■ **YOUR TASK**
First find the line with "Fuchsia Pink Metallic", then reproduce it and all following lines of the data to the end, exactly and with no pictures, adding nothing.

Stored data
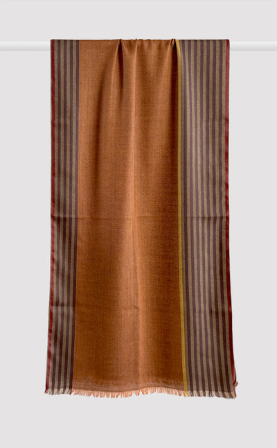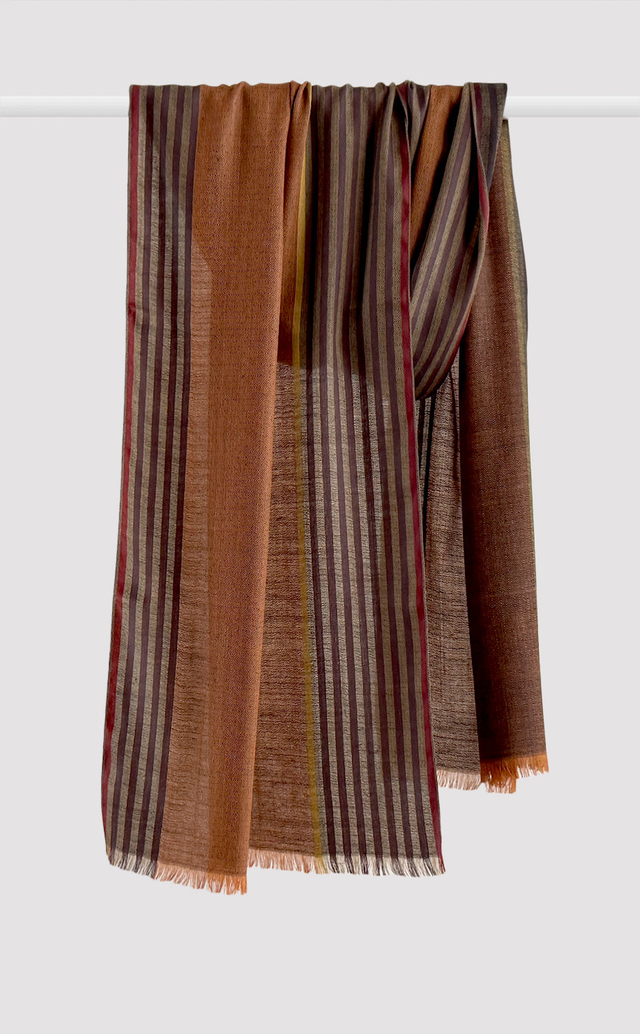 Regular price Rs. 4,800.00This is a muffler made from merino wool featuring a vibrant striped pattern in shades of chestnut and clay. The alternating wide and narrow stripes give it a dynamic and elegant look. The muffler is lightweight, soft, and warm, making it perfect for both casual and formal occasions
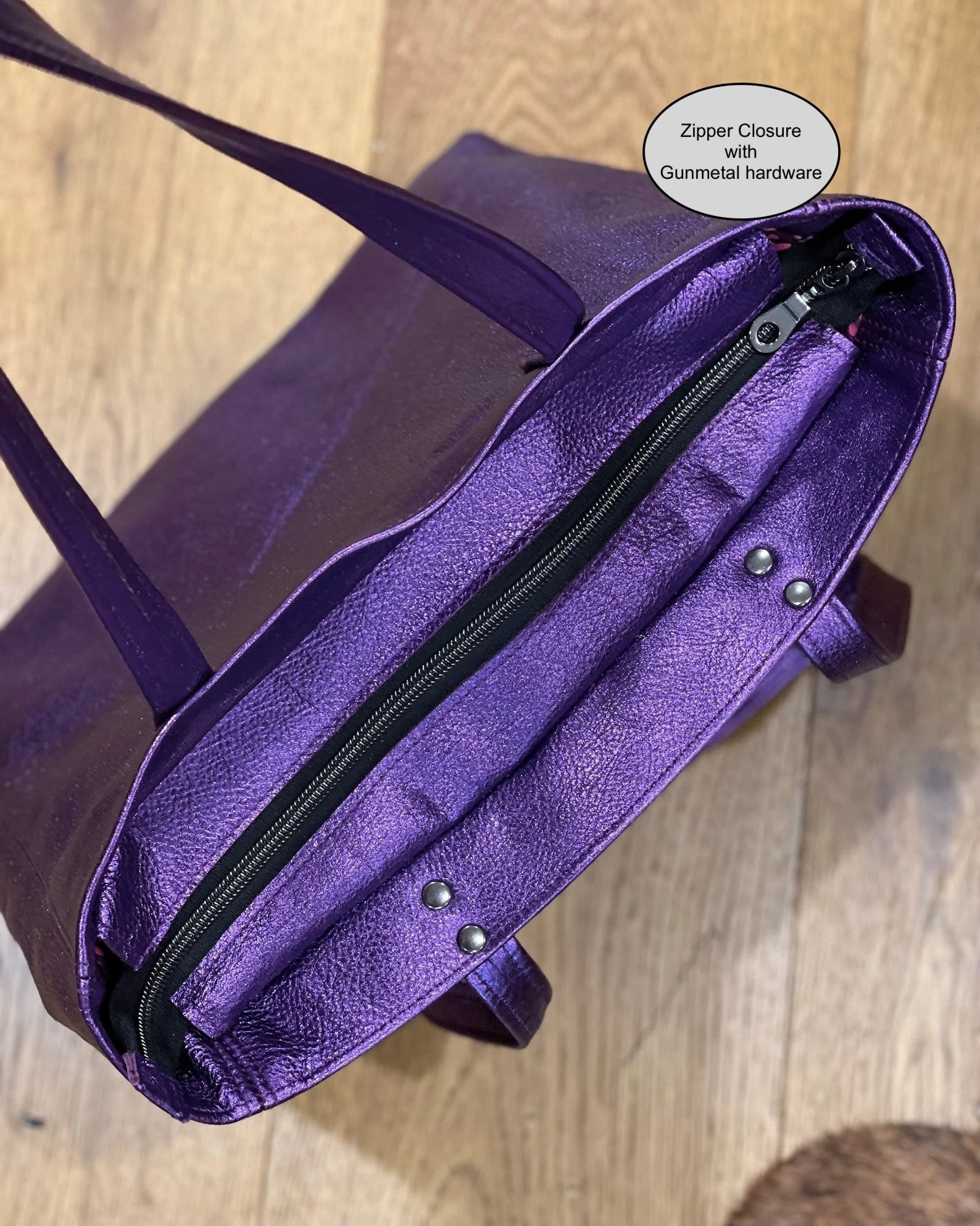 Fuchsia Pink Metallic Leather Tote, free leather purse
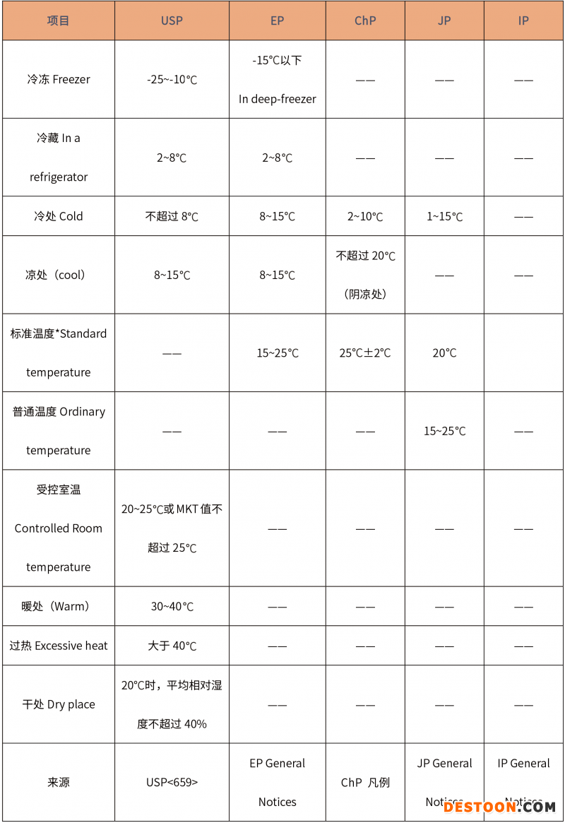 各國(guó)藥典對(duì)于貯藏名詞術(shù)語(yǔ)的解釋?zhuān)?br />
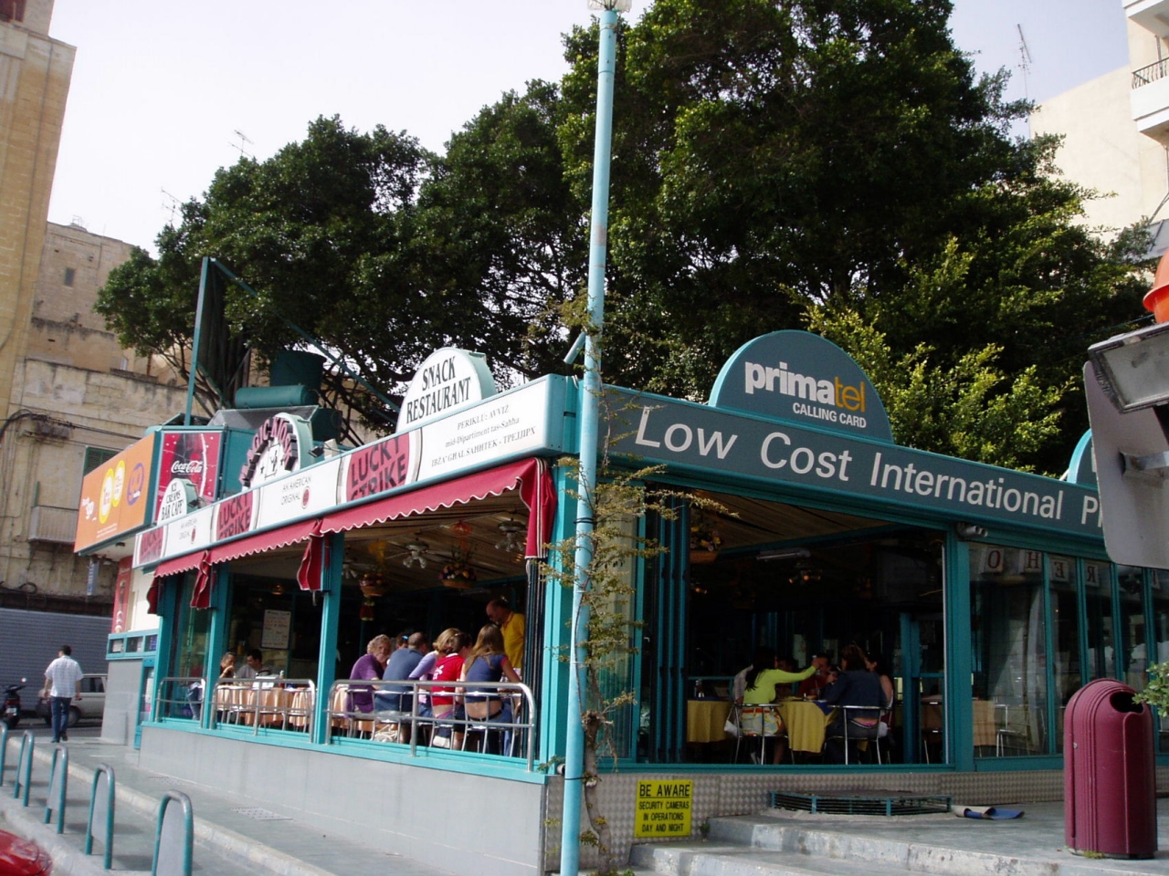 Slimaの海岸沿いの中心地にある、お天気がいいときはオープンエアーになるカフェ:Magic Kiosk。
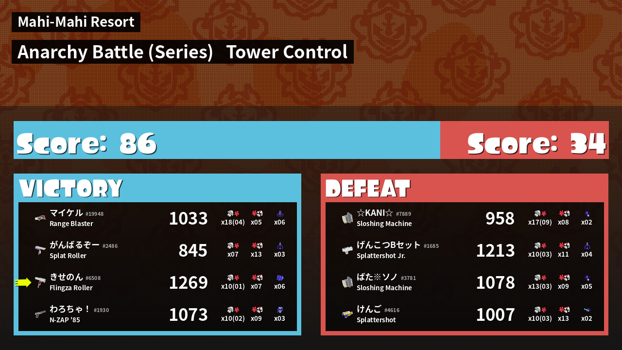 | Medals | #1 Turf Inker #1 Tenta Missiles User #2 Overall Splatter | ||

■ **PROBLEM SOLUTION**
 Fuchsia Pink Metallic Leather Tote, free leather purse
 各國(guó)藥典對(duì)于貯藏名詞術(shù)語(yǔ)的解釋?zhuān)?br />
 Slimaの海岸沿いの中心地にある、お天気がいいときはオープンエアーになるカフェ:Magic Kiosk。
 | Medals | #1 Turf Inker #1 Tenta Missiles User #2 Overall Splatter | ||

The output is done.